[Exercise instructions]: Repeat exactly the lines below, from the line containing "Obraz premium A" through the last line, both included. Leave out any pictures.
BEGIN Information supplied
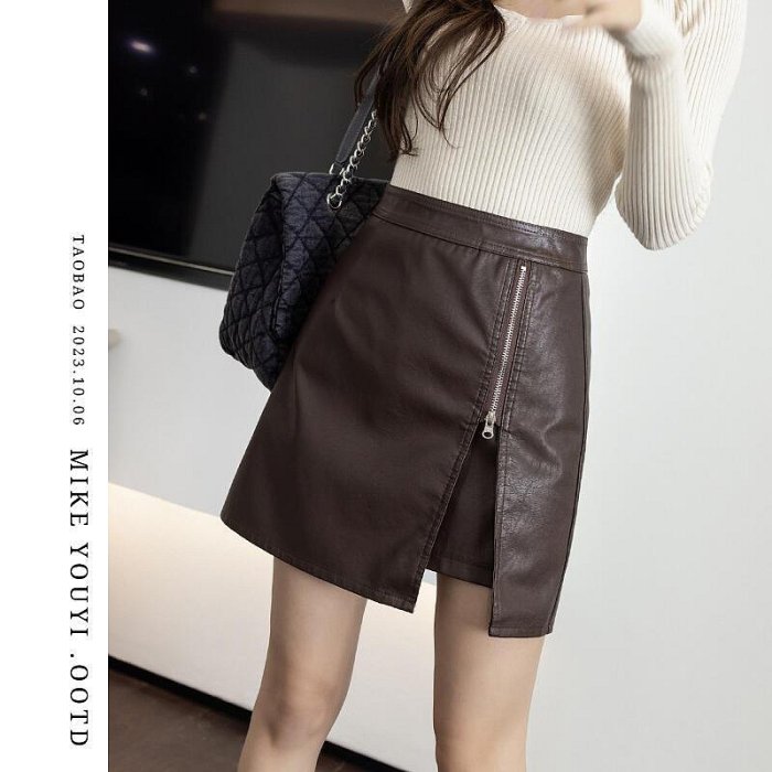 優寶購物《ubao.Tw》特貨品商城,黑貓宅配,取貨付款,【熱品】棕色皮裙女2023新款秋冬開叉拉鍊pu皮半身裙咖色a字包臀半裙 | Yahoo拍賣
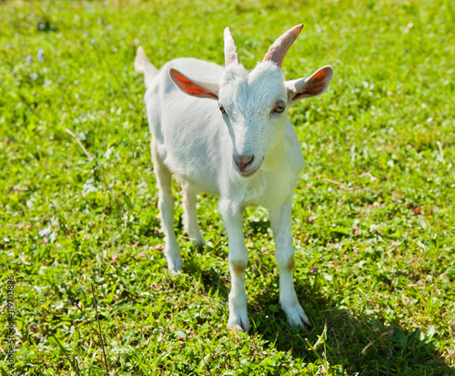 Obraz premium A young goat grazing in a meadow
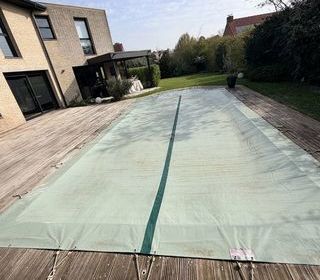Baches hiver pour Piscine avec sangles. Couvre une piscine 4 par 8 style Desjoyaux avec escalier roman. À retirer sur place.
END Information supplied
[Worked solution]:
 Obraz premium A young goat grazing in a meadow
Baches hiver pour Piscine avec sangles. Couvre une piscine 4 par 8 style Desjoyaux avec escalier roman. À retirer sur place.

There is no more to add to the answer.